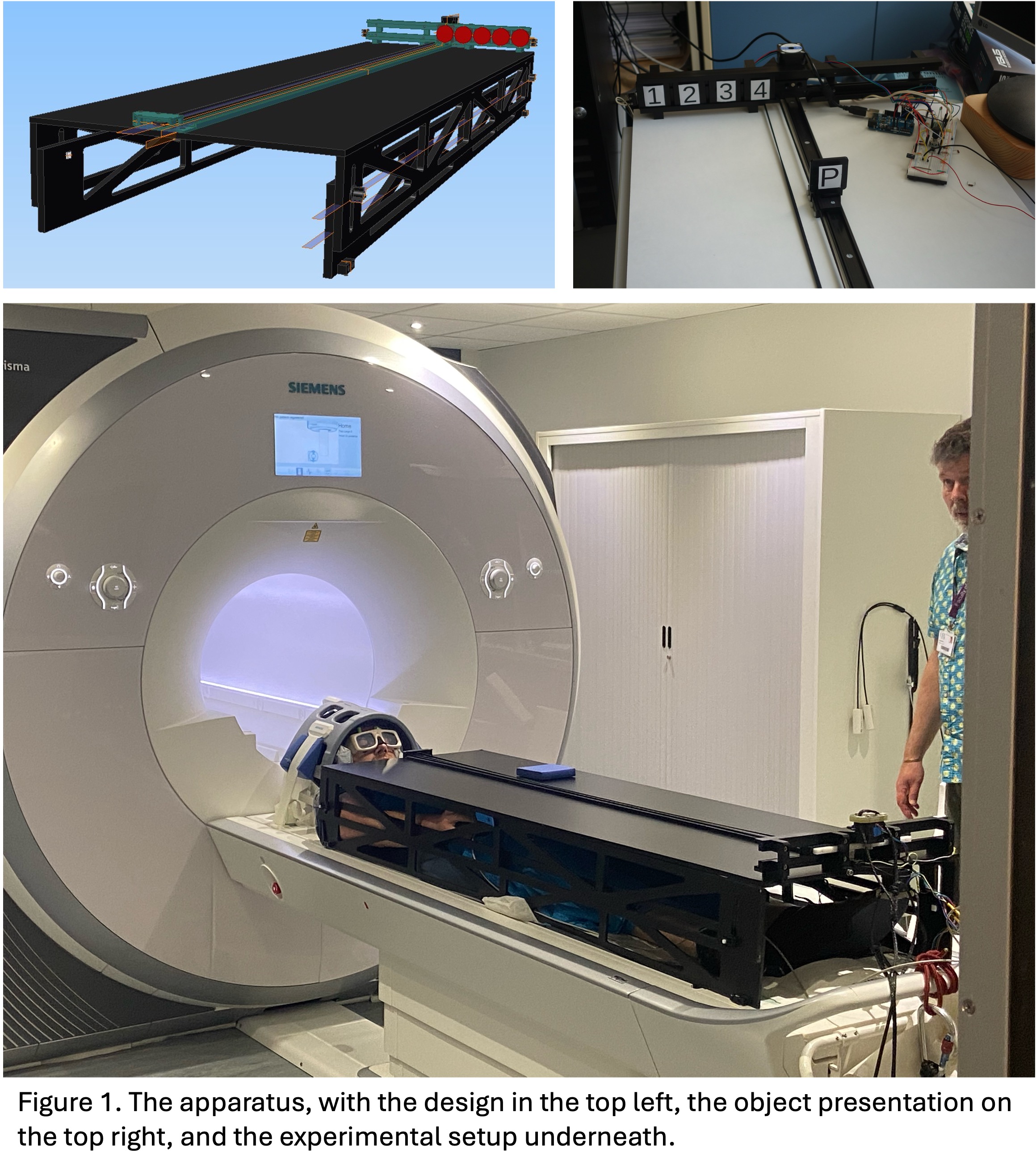 The second overarching line of studies looked at the neural correlates of object location memory. A mock study was conducted to confirm that the effects previously found in behavioural tasks with participants sitting at a table would replicate in an MRI-setup, in which participants would be lying down. An additional mock-scanner study was run to test the reliability of the designed apparatus, which reached an error-rate of 1 in 700 trials. After these two mock-studies confirmed proof of concept, we ran two fMRI studies, investigating the neural correlates of spatial memory, including topographic mapping of the SPOC area and neural correlates involved in perceiving objects at varying three-dimensional distances, as well as those associated with object location memory across these distances. Participants were lying in the MRI-scanner, with their heads propped up to approximately 40. This allowed them direct vision of objects presented on the apparatus. Data collection of two studies (both N = 30) has been completed and data analysis for these studies has commenced. While the anticipated behavioural effect of object knowledge on OLM did not emerge as expected, the collected neuroimaging data is currently being analysed and is still expected to provide valuable insights on the neural correlates for spatial memory and a building block for future research.
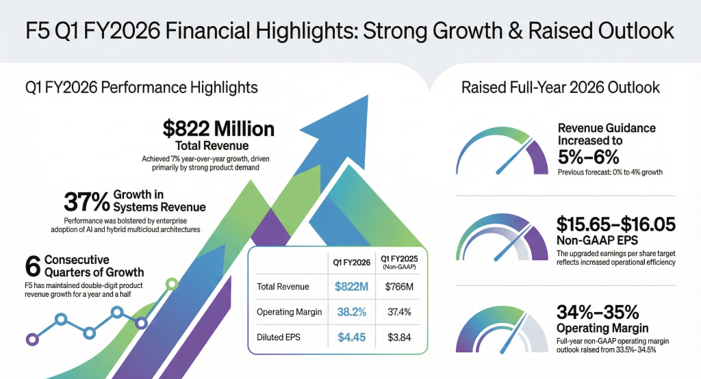 For the first quarter ended December 31, 2025, F5 reported consolidated revenue of $822 million, a 7% increase from $766 million in the year-ago period. GAAP net income reached $180 million, up 8.4% from $166 million in Q1 FY2025.
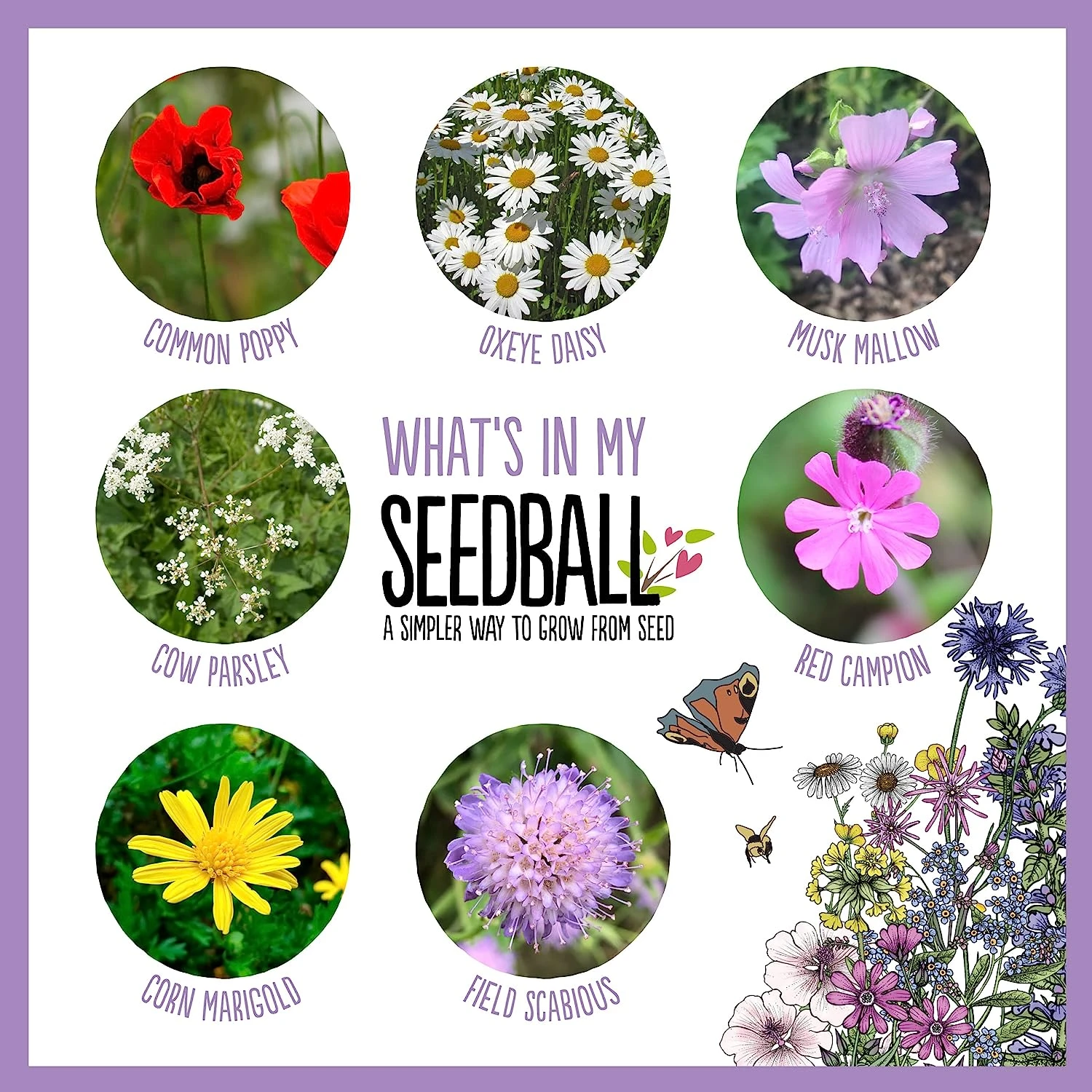 The easy way to grow beautiful native wildflowers. Seedballs are a mini ecosystem, protecting your seeds from birds, ants and slugs and giving them nutrition as they germinate and grow. The wildflower seeds are encased in clay and peat-free compost. Simply scatter onto bare soil or compost on a garden bed or in a pot.
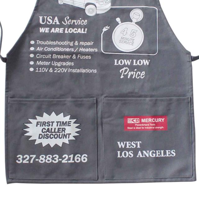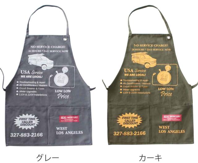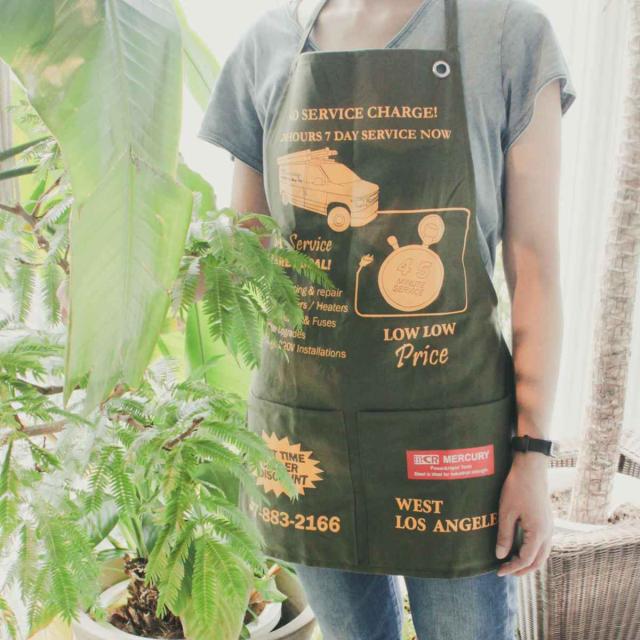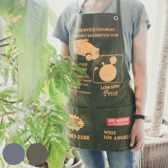 キャンバス地のカジュアルな風合いに、レトロなイラストと英字が配されたビンテージライクな雰囲気。MERCURYのビンテージエプロン・ガレージは、着る人を選ばないカジュアルなデザインです。加えて、膝上のショート丈は動きやすく家での家事はもちろん、外でのガーデニングやDIYなど様々なシーンで活躍します。
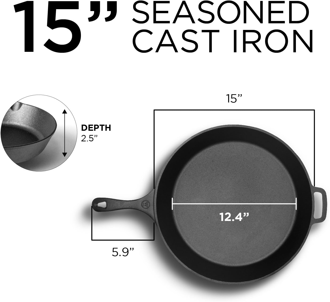 - VERSATILITY: This COMMERCIAL CHEF 15-inch cast iron skillet can be used on a stove top, in an oven, broiler or even outdoors at a campfire. Sear, bake or fry delicious meals with this cast iron skillet pan or even use as a serving dish from kitchen to table.
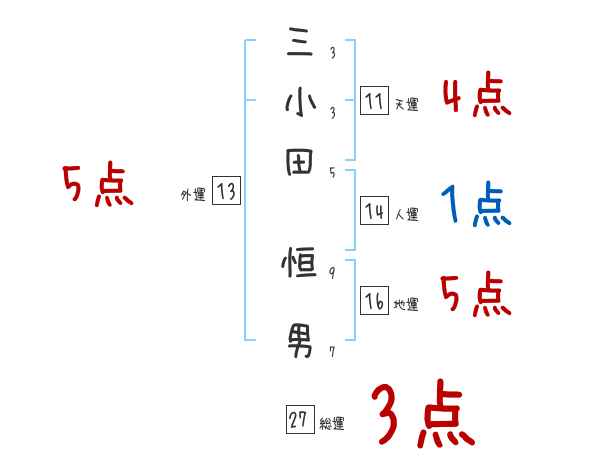 天運![]() | 三小田恒男さんの天運は11画の4つ星!着実に富や地位を得る幸運な人生。 家系が持つ宿命的な運勢を表します。祖先から受け継いだ苗字ですので自分の力が及びません。家柄を象徴します。 |
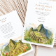The reverse side, designed for "The Finer Details," continues the captivating scene, featuring the Machu Picchu mountain and surrounding mountains, framed by colourful foliage. The soft watercolor style gives this suite a romantic and adventurous feel. It's perfect for a destination wedding in Peru, a travel-themed celebration, or for any couple who appreciates history, natural beauty, and a touch of wanderlust.

What needs to be done: I'd like every record above written out again exactly, without the pictures.

Output:
 The second overarching line of studies looked at the neural correlates of object location memory. A mock study was conducted to confirm that the effects previously found in behavioural tasks with participants sitting at a table would replicate in an MRI-setup, in which participants would be lying down. An additional mock-scanner study was run to test the reliability of the designed apparatus, which reached an error-rate of 1 in 700 trials. After these two mock-studies confirmed proof of concept, we ran two fMRI studies, investigating the neural correlates of spatial memory, including topographic mapping of the SPOC area and neural correlates involved in perceiving objects at varying three-dimensional distances, as well as those associated with object location memory across these distances. Participants were lying in the MRI-scanner, with their heads propped up to approximately 40. This allowed them direct vision of objects presented on the apparatus. Data collection of two studies (both N = 30) has been completed and data analysis for these studies has commenced. While the anticipated behavioural effect of object knowledge on OLM did not emerge as expected, the collected neuroimaging data is currently being analysed and is still expected to provide valuable insights on the neural correlates for spatial memory and a building block for future research.
 For the first quarter ended December 31, 2025, F5 reported consolidated revenue of $822 million, a 7% increase from $766 million in the year-ago period. GAAP net income reached $180 million, up 8.4% from $166 million in Q1 FY2025.
 The easy way to grow beautiful native wildflowers. Seedballs are a mini ecosystem, protecting your seeds from birds, ants and slugs and giving them nutrition as they germinate and grow. The wildflower seeds are encased in clay and peat-free compost. Simply scatter onto bare soil or compost on a garden bed or in a pot.
 キャンバス地のカジュアルな風合いに、レトロなイラストと英字が配されたビンテージライクな雰囲気。MERCURYのビンテージエプロン・ガレージは、着る人を選ばないカジュアルなデザインです。加えて、膝上のショート丈は動きやすく家での家事はもちろん、外でのガーデニングやDIYなど様々なシーンで活躍します。
 - VERSATILITY: This COMMERCIAL CHEF 15-inch cast iron skillet can be used on a stove top, in an oven, broiler or even outdoors at a campfire. Sear, bake or fry delicious meals with this cast iron skillet pan or even use as a serving dish from kitchen to table.
 天運![]() | 三小田恒男さんの天運は11画の4つ星!着実に富や地位を得る幸運な人生。 家系が持つ宿命的な運勢を表します。祖先から受け継いだ苗字ですので自分の力が及びません。家柄を象徴します。 |
The reverse side, designed for "The Finer Details," continues the captivating scene, featuring the Machu Picchu mountain and surrounding mountains, framed by colourful foliage. The soft watercolor style gives this suite a romantic and adventurous feel. It's perfect for a destination wedding in Peru, a travel-themed celebration, or for any couple who appreciates history, natural beauty, and a touch of wanderlust.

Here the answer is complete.